The war crimes hearing is currently before the European Court of Human Rights. The Court has heard evidence that Russia carried out over 100 air attacks on civilian targets resulting in dozens of deaths, as well as systematically burning down homes and entire villages in South Ossetia. Those who refused to leave were threatened or summarily executed. This evidence is in addition to the 30 witness testimonies provided in 2016 that detailed the alleged ethnic cleansing of 20,000 Georgian villagers in South Ossetia, the torture of prisoners, and the deadly rocket attack on the town of Gori that killed 11 civilians and Dutch journalist, Stan Storimans.

Russia has stated it will ignore the rulings from Strasbourg should it contravene the country’s constitution. Russia has also stated the proceedings are biased and denies allegations of any wrongdoing.

Russia has further denied involvement in the rocket attack that shot down Malaysia Airlines flight MH17 over the Ukraine in July 2014 that resulted in the deaths of all 298 aboard. However, the investigation into the incident, headed by the Joint Investigation Team, concluded May 24, that the rocket undeniably came from a Russian based military unit. The investigation has stated they are now moving into the final phase to prepare for prosecution.

The rocket attack inflamed tensions during the 2014 Crimea Invasion that resulted in the deaths of thousands and displaced over a million people. Crimea remains occupied and under a governance structure similar to Russian regions or provinces, however Consul Veselovskyi points to two alarming differences.

In Crimea, the military presence is five times that of any other region in Russia. Further, the area has become incredibly militarized with the weaponry at a significantly higher quality and modernity than other territories in Russia.

Consul Veselovskyi expressed concerns of further advancement by Russia into non-NATO member states, providing the recent aggressive condemnation of Kazakhstan as an example.
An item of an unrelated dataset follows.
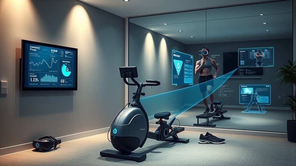 Integrating home fitness technology with traditional workouts offers numerous advantages that can elevate your exercise routine. You can customize workouts to fit your goals and fitness level, making them more effective. AI coaching provides personalized guidance, almost like having a trainer at home, while detailed data analysis helps you track progress and refine your routines. The use of technology enhances workout customization allows for real-time feedback and adjustments, enhancing workout quality. Smart equipment adjusts difficulty based on your performance, ensuring continuous challenge. Plus, goal-oriented programs cater to specific objectives like weight loss or strength building. Accessibility also improves—you can work out anytime, at home, which saves time and money. Safety features, like form guidance and health monitoring, reduce injury risks. Incorporating biometric data can further optimize your workouts by tailoring recommendations to your physiological responses. Furthermore, understanding and utilizing Gravel Bike principles can inspire innovative ways to incorporate outdoor-inspired routines into your fitness plan, promoting variety and engagement. Overall, blending tech with traditional workouts makes fitness more engaging, safe, and tailored to your needs.

Kazakhstan had agreed to a one-year deal with the US to provide an airfield and storage facilities for supply deliveries to American troops stationed in western Afghanistan. Russia immediately portrayed the deal as a criminal act and attempted to reign in Kazakhstan issuing aggressive condemnations of the government. Consul Veselovskyi says this illustrates the remanence of imperialist thinking that drives the expansion and aggression of Russia.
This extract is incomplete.